В марте 2021 года Netflix объявил план «Углеродная нейтральность + защита окружающей среды». В нем компания определила для себя цель — к концу 2022 года достичь нулевых нетто-показателей по выбросам. Это значит, что компания будет полностью компенсировать ту эмиссию парниковых газов, которая связана с производством и дистрибуцией контента. В частности, Netflix пообещал сократить потребление электричества как во время съемок, так и в своих офисах, постепенно отказаться от дизельного и бензинового топлива в пользу электричества, подключиться к возобновляемым источникам энергии, а где это пока невозможно — использовать топливо с низкими или нулевыми выбросами углерода.

В странах Евросоюза для регулирования негативной нагрузки уже существует рынок обязательных и добровольных углеродных единиц. То есть компании обязаны покупать такие обязательные единицы, по сути, дающие им право заниматься своей деятельностью и производить СО2 в допустимом объеме.

«Весь рынок в Европе основан на распределении квот, — объясняет директор по операционной работе Кластера энергоэффективных технологий Фонда „Сколково“ Олег Перцовский. — Те компании, которые не вписываются в выделенные квоты, вынуждены их докупать.
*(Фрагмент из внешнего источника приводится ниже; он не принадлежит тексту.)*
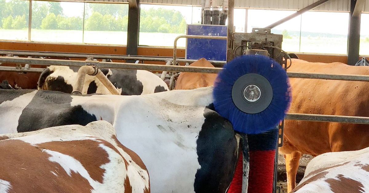 Puss og stell: Med roterende børster kan kyrne selv bidra til å holde seg reine. Foto: Lean Farming

При этом сейчас далеко не все сектора рынка в Европе покрыты этими квотами — система вводится постепенно. Например, в ближайшее время планируется ввести такие лимиты для авиатранспорта».

1 квота = 1 тонне СО2-эквивалента. Квоту можно приобрести на централизованной бирже EU ETS (European Union Emissions Trading System). По состоянию на 1 февраля 2022 года одна квота стоила €88,93. За четыре года стоимость квот выросла в 10 раз — в феврале 2018 года одну единицу можно было купить за €9,27. По оценке Taskforce on Scaling Voluntary Carbon Markets (инициативу поддерживает объединяющий крупнейшие финансовые организации Institute of International Finance), спрос на углеродные кредиты вырастет в 15 раз уже к 2030 году, а к 2050-му — более чем в 100 раз. Объем рынка через 10 лет может составить $50 млрд.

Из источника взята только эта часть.